Preencha o tomador no formato de exterior: existe uma caixa de tomador no exterior que substitui o CNPJ pelo identificador estrangeiro, com país e endereço completos. Nota com tomador estrangeiro forçado num campo de CPF nasce inconsistente.
Escreva a descrição do serviço com endereço: descreva o serviço prestado, o nome da empresa contratante, o país e a frase que registra que o resultado se verifica no exterior. A descrição é o que a fiscalização lê primeiro.
Guarde o contrato de câmbio de cada entrada: o fechamento de câmbio é a prova de que o pagamento veio de fora, e ele amarra a nota ao dinheiro. Sem esse documento, a nota de exportação fica sozinha.
O nome do campo muda de cidade para cidade e a lógica é sempre a mesma. Em São Paulo o campo aparece como operação de exportação dentro da NFS-e. Em outros municípios ele vira exigibilidade suspensa, não incidência ou isenção, e vale abrir o manual da própria prefeitura antes da primeira emissão.
Nunca marque isenção quando a opção correta é não incidência. Isenção depende de lei municipal específica e pode simplesmente não existir na sua cidade, enquanto a não incidência da exportação vem da lei complementar federal e vale em qualquer município.

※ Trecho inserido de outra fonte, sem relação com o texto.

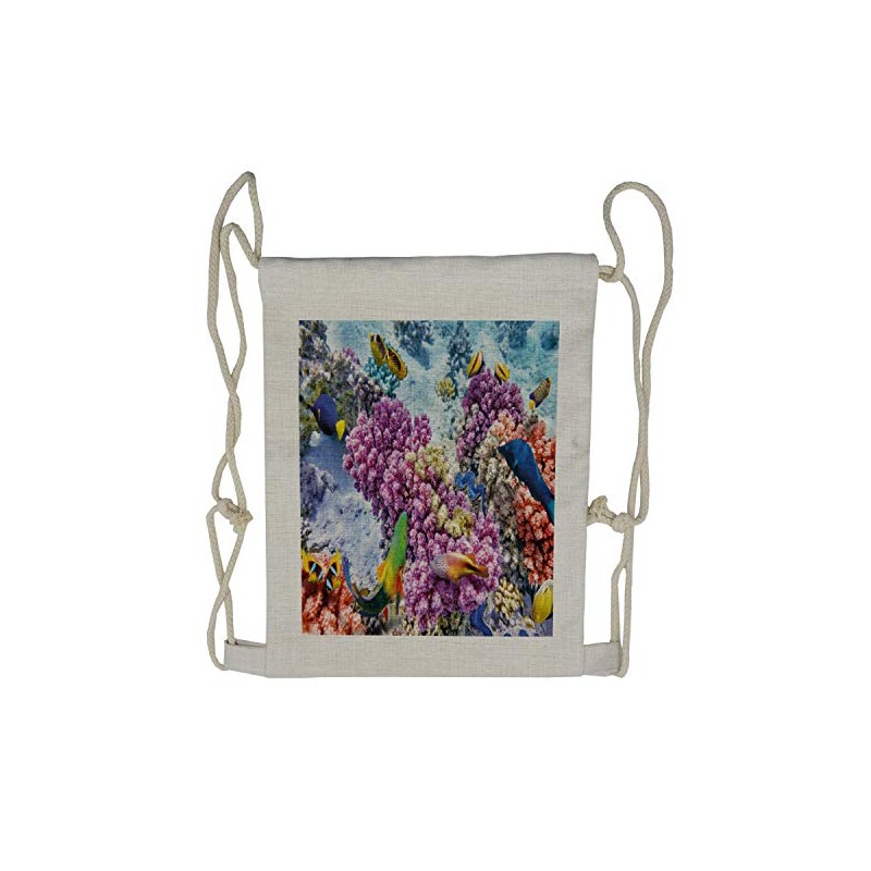 Ambesonne Fish Drawstring Backpack, Marine Life Sea, Sackpack Bag
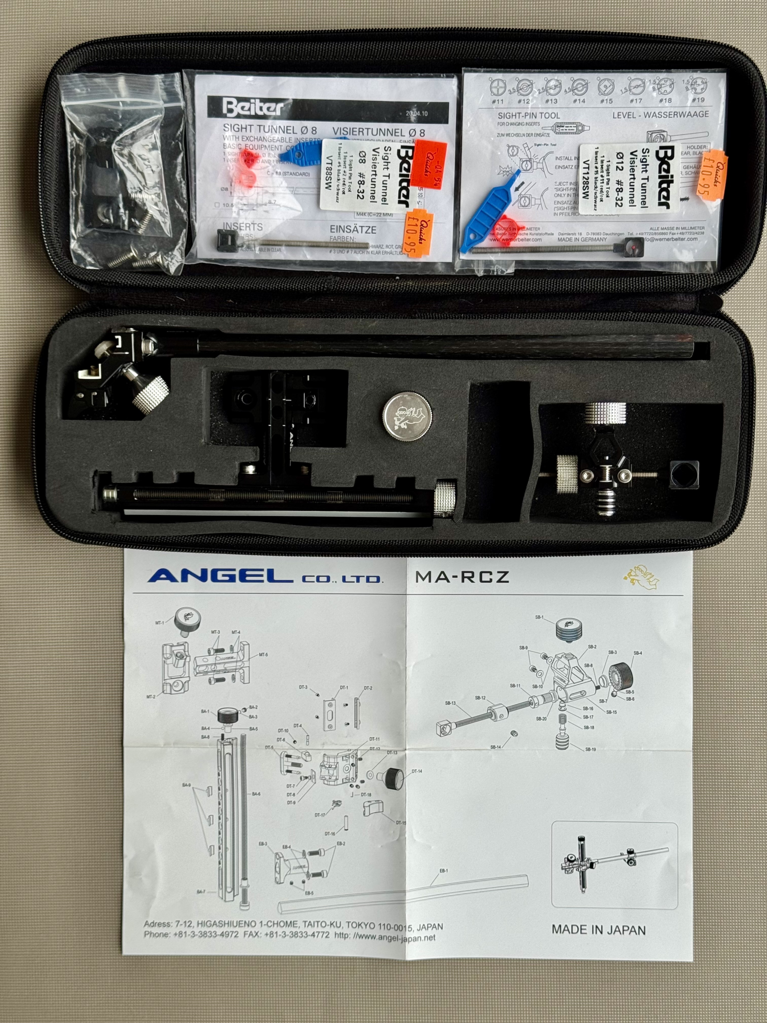 Angel MA-RCZ recurve sight in very good condition, with additional mounting block so can easily be mounted on 2 risers. Very high quality Japanese manufacture, often compared to high-end Shibuya sights such as the Ultima II and well regarded. Has distinctive "inboard" design with the bulk of the weight close to the riser.
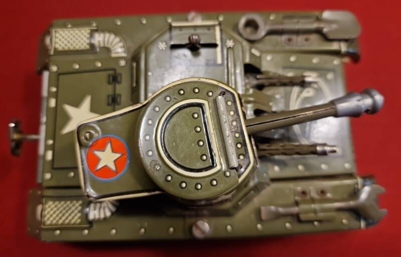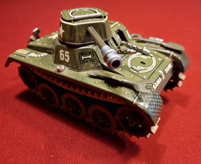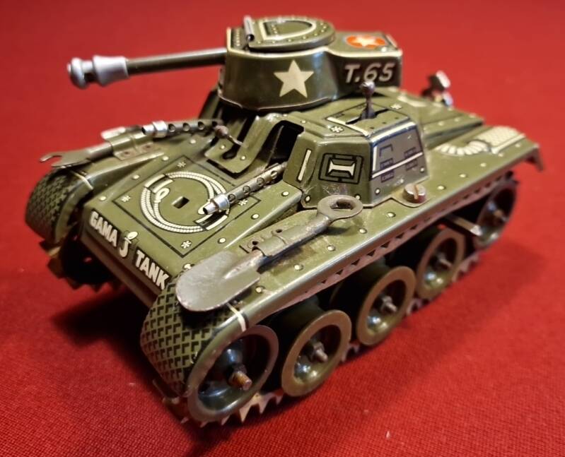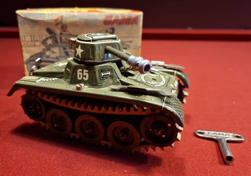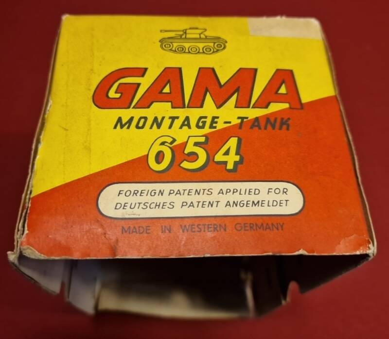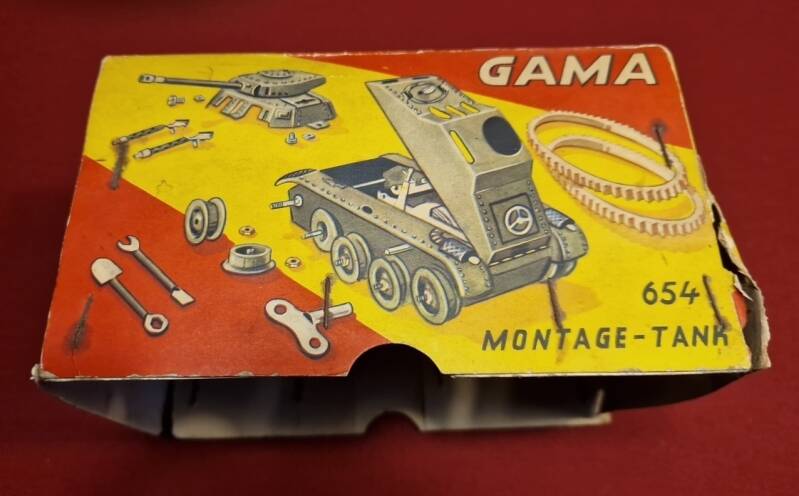 Dieser GAMA Montage‑Tank 654 ist ein hervorragend erhaltenes Beispiel für westdeutsches Blechspielzeug der frühen Nachkriegszeit. Besonders bemerkenswert ist, dass das Objekt vollständig vorliegt: der Tank selbst, der Original‑Aufziehschlüssel, das am Fahrzeug befestigte Werkzeugset (Schaufel und Schraubenschlüssel) sowie der Originalkarton mit aufgedruckter Aufbau‑ und Bedienungsanleitung.
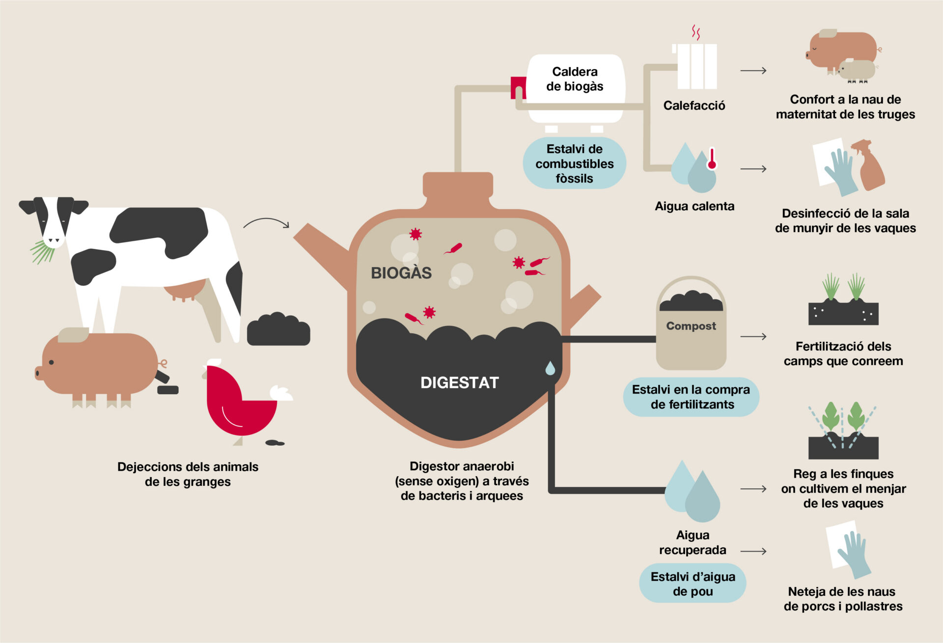 • I la part líquida esdevindrà aigua per a irrigació (als camps de Monells) i per a neteja (a les granges de Mas Bové).

Um passo que economiza retrabalho é emitir uma nota de teste no valor real, conferir o campo de valor do ISS antes de transmitir e cancelar caso a alíquota apareça calculada. Nota transmitida com erro exige cancelamento ou substituição, com prazo curto na maioria das prefeituras.
Vale alinhar a rotina com o contador em um email só. Peça a confirmação de que a receita está sendo lançada como exportação no PGDAS-D, peça o print da linha e guarde a resposta.
O último cuidado é com o cadastro da empresa. Confira se o código de atividade que você usa corresponde ao serviço realmente prestado, porque código errado costuma vir acompanhado de alíquota errada e de discussão desnecessária com a prefeitura.
A nota de exportação não é um pedido de benefício, é a descrição correta de uma operação que já existe, e ela leva cinco minutos a mais na primeira emissão.
"Quanto de ISS você pagou nos últimos doze meses sobre serviço prestado para fora do Brasil?"